-- Task requirements --
Please reproduce all of the data below exactly, leaving each picture out.

-- Collected data entries --
──────────

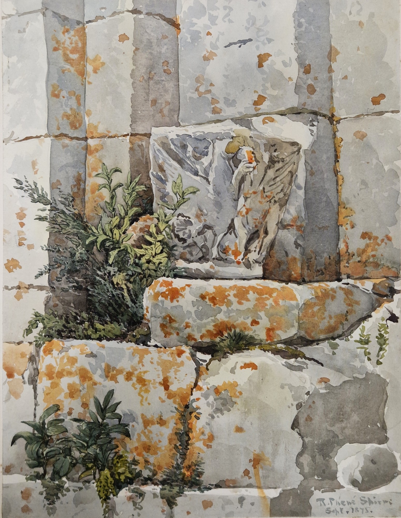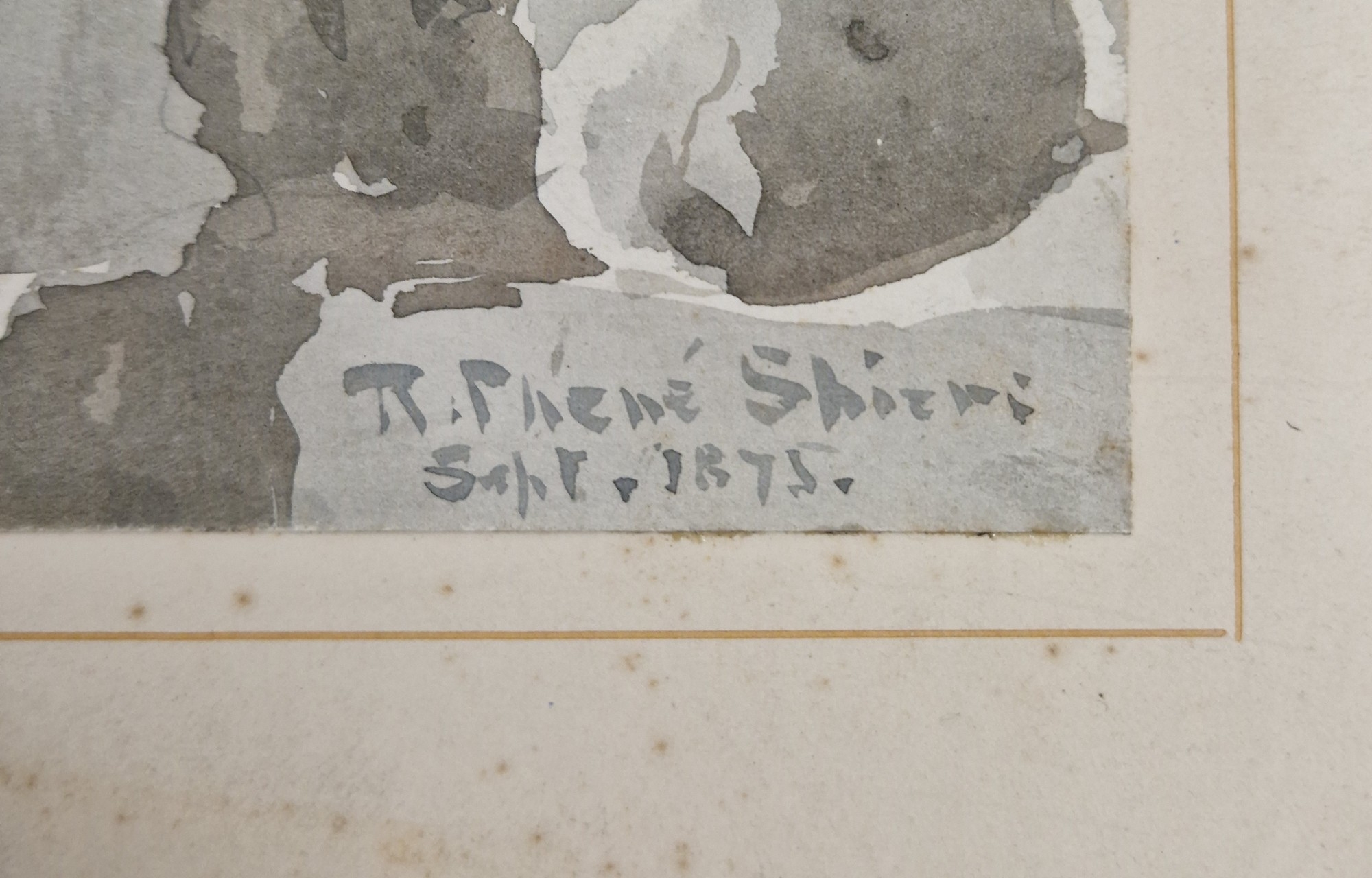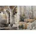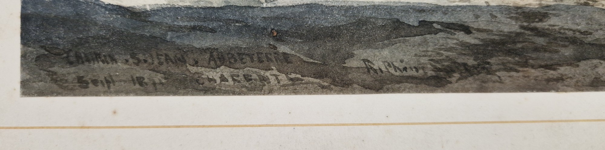 "Puyperoux, La Charente", study of stone building exterior, signed and dated September 1875 lower right, unframed but mounted on card, 29.5cm x 22.5cm, together with another watercolour by the same hand, "St. Jean, Aubeterre, La Charente", interior study of the monolithic church, signed, titled and dated 1875 lower left, unframed but mounted on card, 37.5cm x 26cm (2)
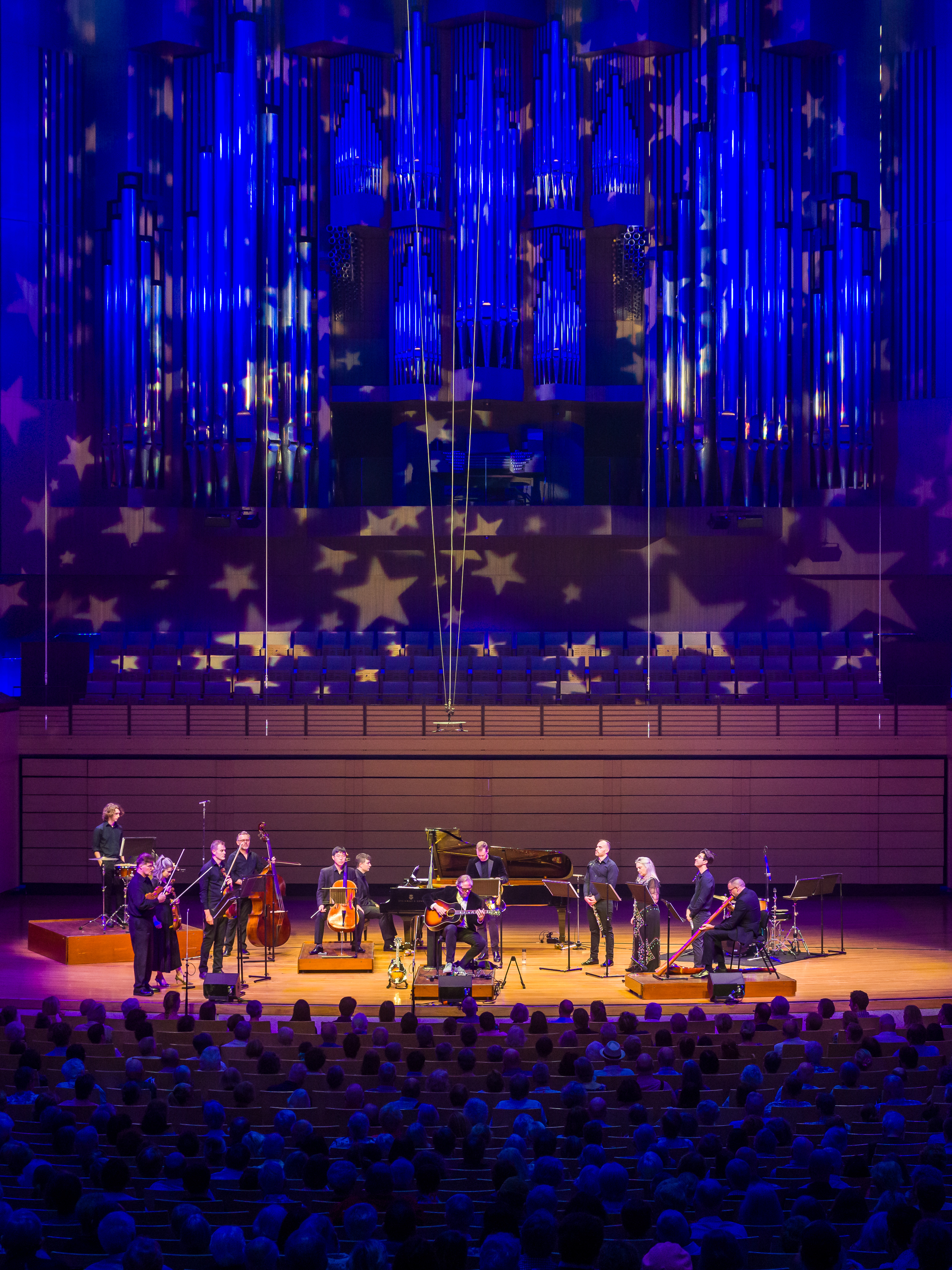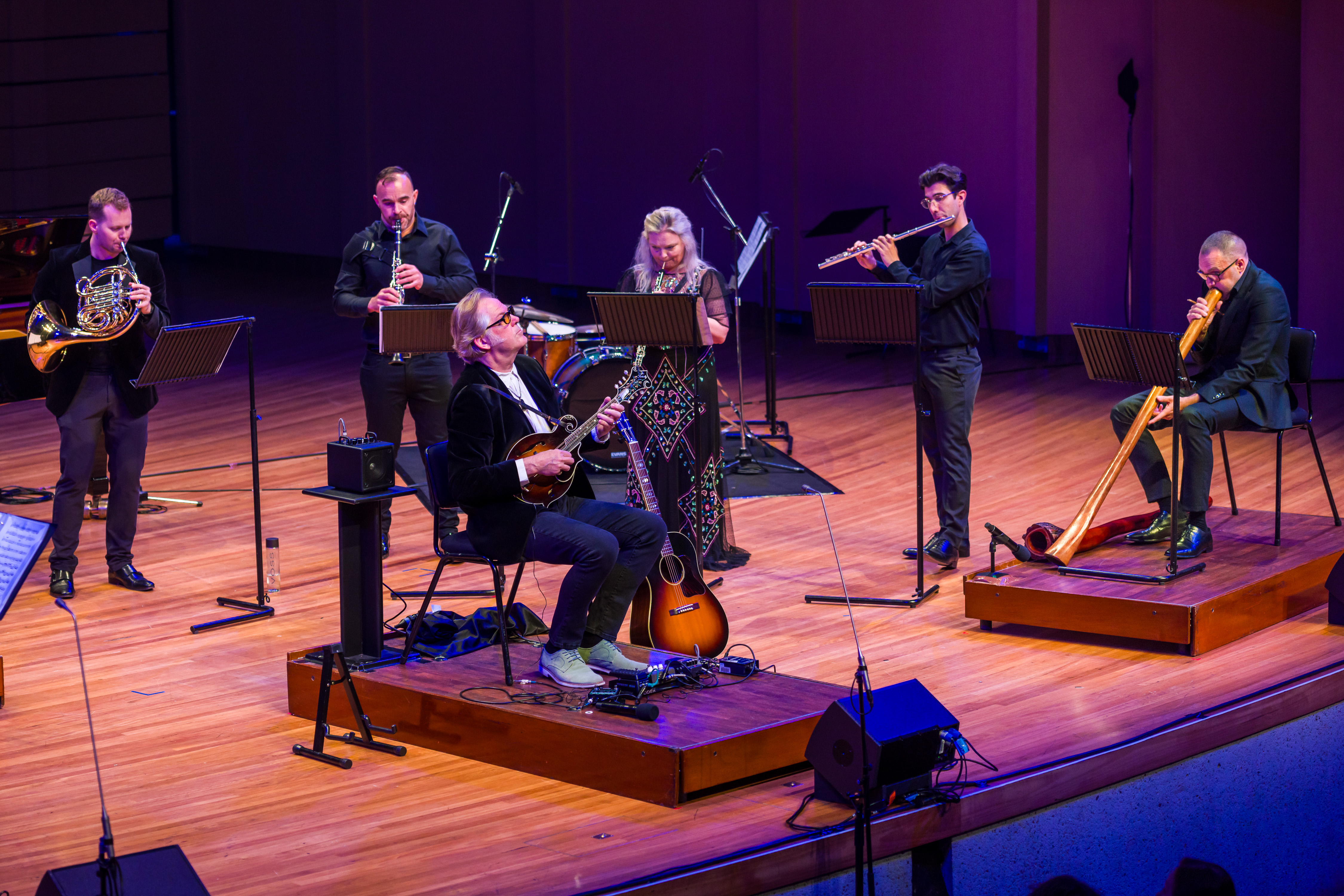 Guest composer and soloist, stringed multi-instrumentalist John Jorgensen, and Southern Cross Soloists’ Didgeridoo Artist in Residence, Chris Williams, then premiered their new work, Global Rivers Rising, an exciting and uplifting piece that cohesively blended sounds and styles. Drawing influence from a range of countries and cultures and inspired by the interconnectedness of people and music everywhere, Global Rivers Rising is part of the ongoing SXS Didgeridoo Commissioning Project. Launched in 2022, the project sees a 50/50 collaboration between a national or international composer and Williams, who has been Artist Residence at SXS since 2018. The project intends to produce three new works for didgeridoo and classical ensemble every year for ten years, leading up to the 2032 Olympic Games to be hosted in Brisbane and building a repertoire of new classical music with a quintessentially Australian flavour.
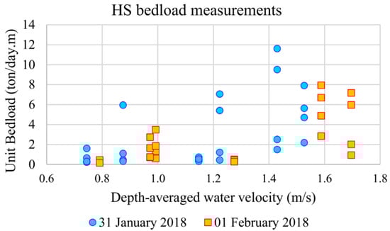 Figure 11 presents the unit bedload rates estimated with HS versus the depth-averaged water velocities measured at each vertical. The low correlation of the plotted data (R = 0.29 for 31 January 2018 and R = 0.44 for 1 February 2018) reinforces the high uncertainties associated with the HS samplings in sand-bed rivers.
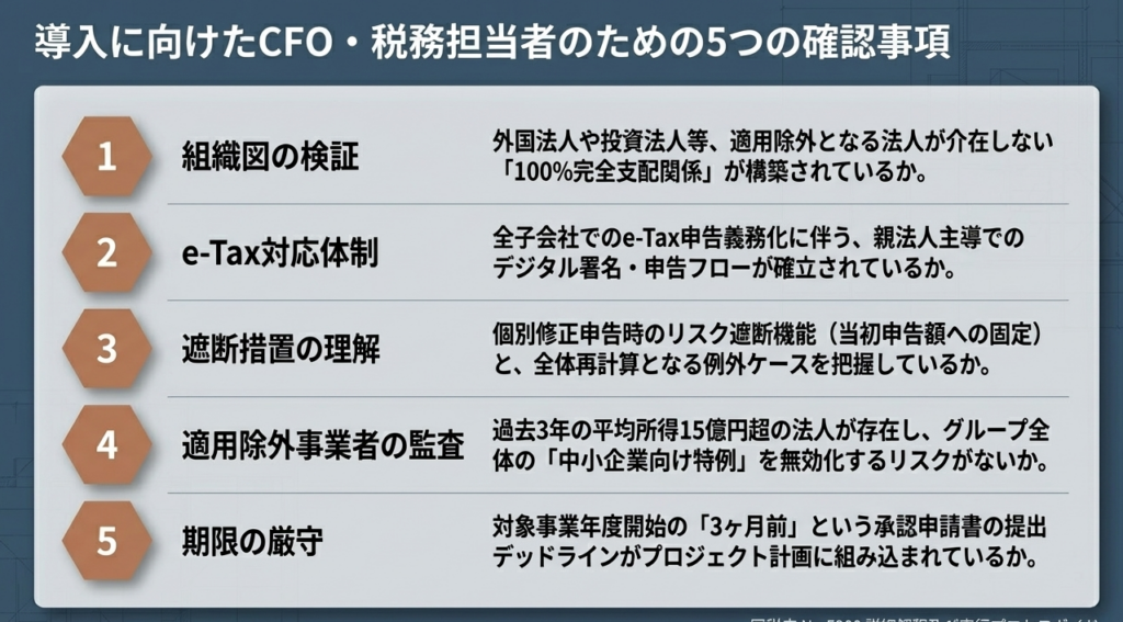 制度適用の成否を分けるのは「完全支配関係」の厳密な判定です。ここでの誤認は、グループ全社の申告を根底から覆すリスクを孕んでいます。
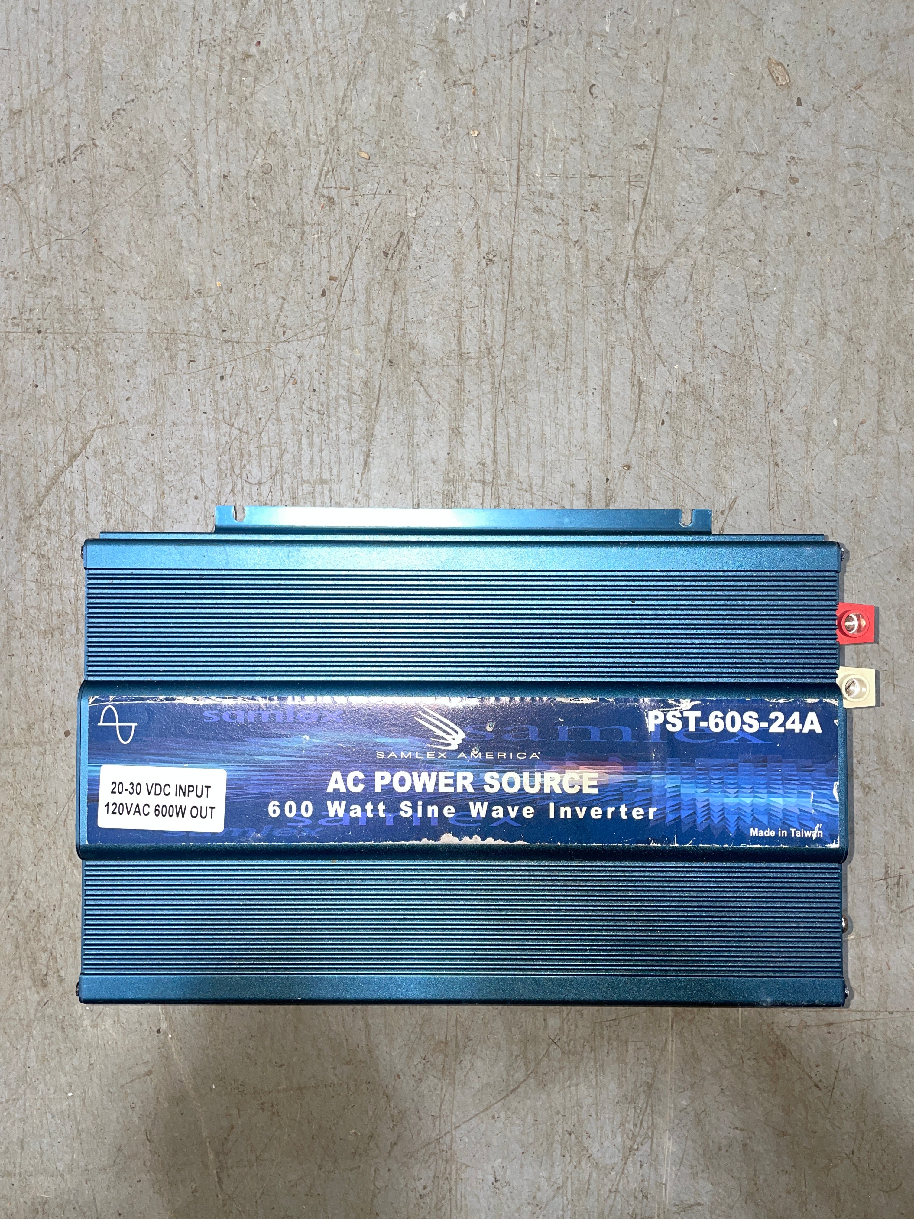 This samlex America inverter is in like new condition, doesn’t look to have ever been installed. It is 600 watt. Model is PST-60S -24A. 20-30 VDC input. 120VAC 600 watt output. Older style. Made in Taiwan. Measures 12 1/2” long x 9 1/2” wide x 3” tall.
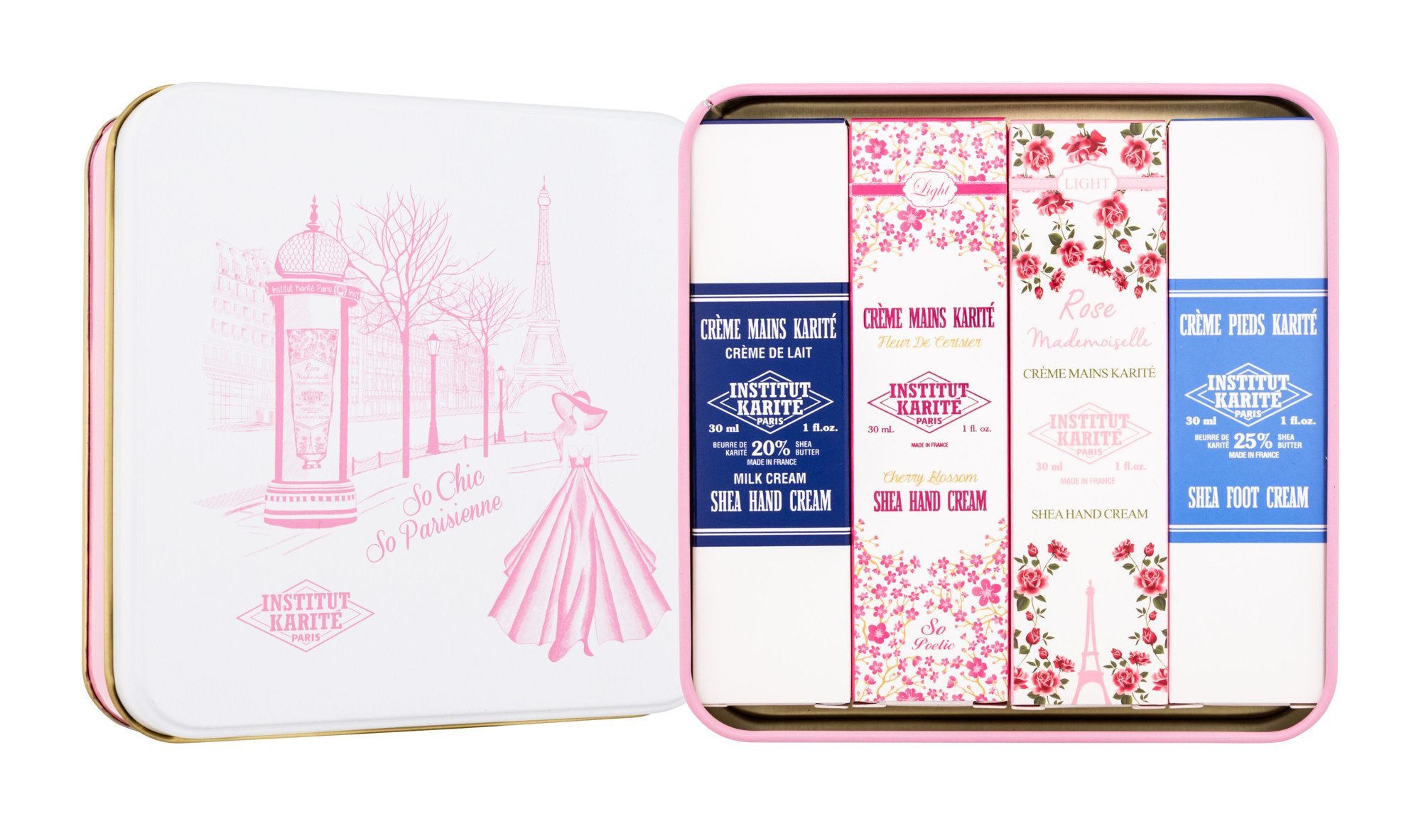 Institut Karité So Chic So Parisienne krém na ruce Light Hand Cream Rose Mademoiselle 30 ml + krém na ruce Shea Hand Cream Milk Cream 30 ml + krém na ruce Shea Hand Cream Cherry Blossom 30 ml + krém na nohy Shea Foot Cream Milk Cream 30 ml + plechová krab
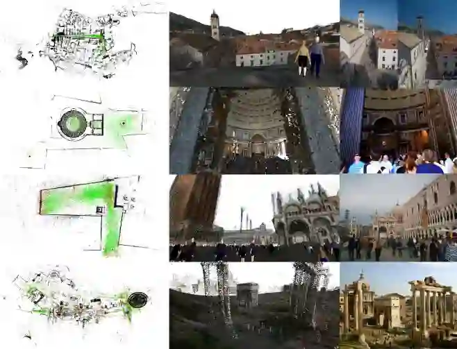 近年来,虚拟漫游系统变得流行起来,允许用户体验和探索他们没有到过的地方(如Google Earth VR)。这些应用使用了3D重建的方法来建立真实场景的模型。虚拟场景的感知体验固有地与重建结果的完整性有关,当前,地面重建和瞬态物体建模是大尺度场景重建的两大难点。由于相对少的地面匹配点,地面重建通常比较困难,而瞬态物体的放置比如移动的人和车无法用多视图同步也同样困难。此外,自动地恢复大场景的绝对尺度在缺少GPS信息的(室内或建筑密集等)情况下也存在问题。在本文中,作者致力于增强SfM + MVS的重建结果,尤其是从互联网图片集中重建3D场景,并且把从单张图片中检测到的人放置到场景中。图1展示了地面重建和3D场景中的人体放置。
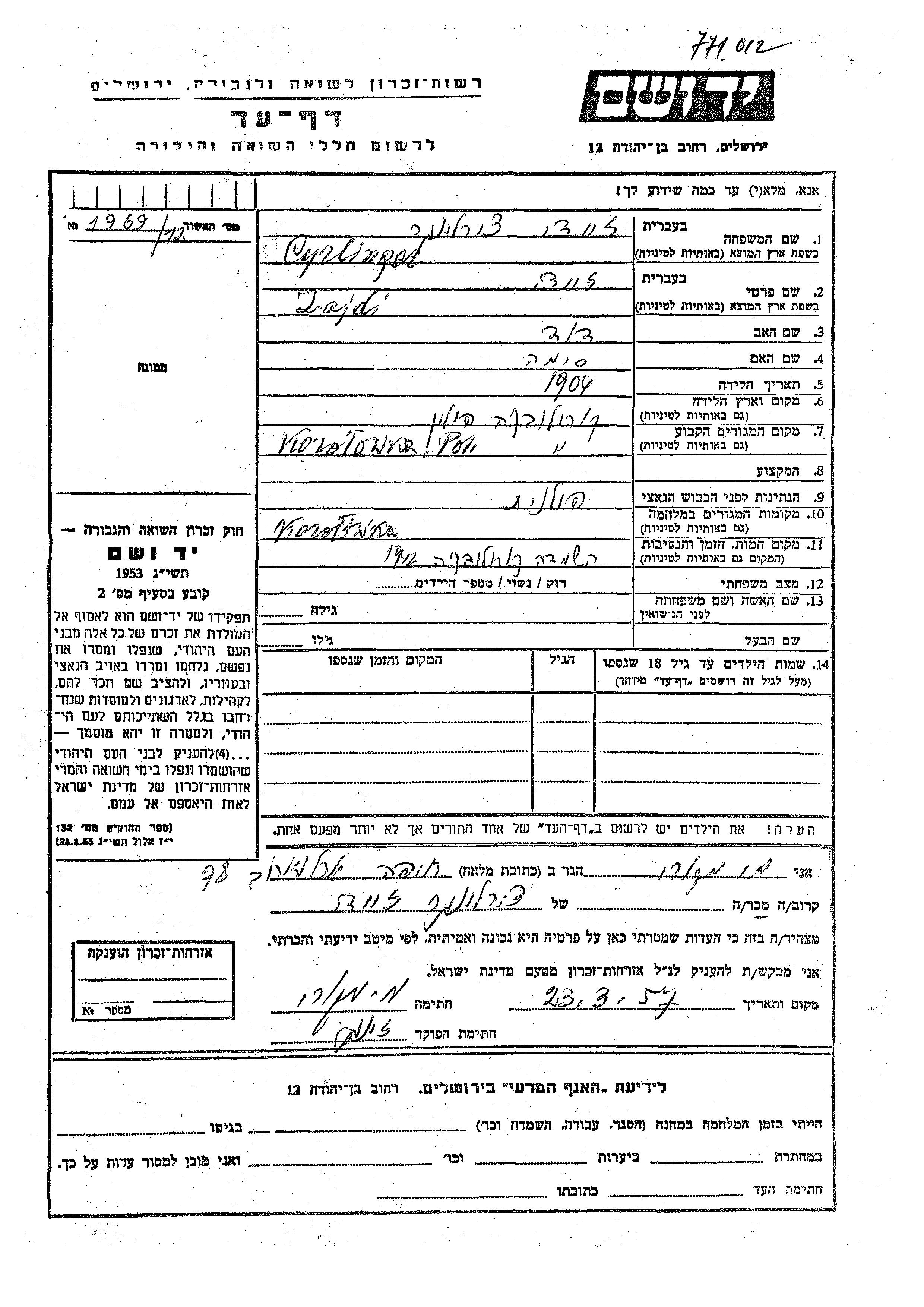 Yad Vashem - Pages of Testimony Names Memorial Collection

──────────

-- Response box --
 "Puyperoux, La Charente", study of stone building exterior, signed and dated September 1875 lower right, unframed but mounted on card, 29.5cm x 22.5cm, together with another watercolour by the same hand, "St. Jean, Aubeterre, La Charente", interior study of the monolithic church, signed, titled and dated 1875 lower left, unframed but mounted on card, 37.5cm x 26cm (2)
 Guest composer and soloist, stringed multi-instrumentalist John Jorgensen, and Southern Cross Soloists’ Didgeridoo Artist in Residence, Chris Williams, then premiered their new work, Global Rivers Rising, an exciting and uplifting piece that cohesively blended sounds and styles. Drawing influence from a range of countries and cultures and inspired by the interconnectedness of people and music everywhere, Global Rivers Rising is part of the ongoing SXS Didgeridoo Commissioning Project. Launched in 2022, the project sees a 50/50 collaboration between a national or international composer and Williams, who has been Artist Residence at SXS since 2018. The project intends to produce three new works for didgeridoo and classical ensemble every year for ten years, leading up to the 2032 Olympic Games to be hosted in Brisbane and building a repertoire of new classical music with a quintessentially Australian flavour.
 Figure 11 presents the unit bedload rates estimated with HS versus the depth-averaged water velocities measured at each vertical. The low correlation of the plotted data (R = 0.29 for 31 January 2018 and R = 0.44 for 1 February 2018) reinforces the high uncertainties associated with the HS samplings in sand-bed rivers.
 制度適用の成否を分けるのは「完全支配関係」の厳密な判定です。ここでの誤認は、グループ全社の申告を根底から覆すリスクを孕んでいます。
 This samlex America inverter is in like new condition, doesn’t look to have ever been installed. It is 600 watt. Model is PST-60S -24A. 20-30 VDC input. 120VAC 600 watt output. Older style. Made in Taiwan. Measures 12 1/2” long x 9 1/2” wide x 3” tall.
 Institut Karité So Chic So Parisienne krém na ruce Light Hand Cream Rose Mademoiselle 30 ml + krém na ruce Shea Hand Cream Milk Cream 30 ml + krém na ruce Shea Hand Cream Cherry Blossom 30 ml + krém na nohy Shea Foot Cream Milk Cream 30 ml + plechová krab
 近年来,虚拟漫游系统变得流行起来,允许用户体验和探索他们没有到过的地方(如Google Earth VR)。这些应用使用了3D重建的方法来建立真实场景的模型。虚拟场景的感知体验固有地与重建结果的完整性有关,当前,地面重建和瞬态物体建模是大尺度场景重建的两大难点。由于相对少的地面匹配点,地面重建通常比较困难,而瞬态物体的放置比如移动的人和车无法用多视图同步也同样困难。此外,自动地恢复大场景的绝对尺度在缺少GPS信息的(室内或建筑密集等)情况下也存在问题。在本文中,作者致力于增强SfM + MVS的重建结果,尤其是从互联网图片集中重建3D场景,并且把从单张图片中检测到的人放置到场景中。图1展示了地面重建和3D场景中的人体放置。
 Yad Vashem - Pages of Testimony Names Memorial Collection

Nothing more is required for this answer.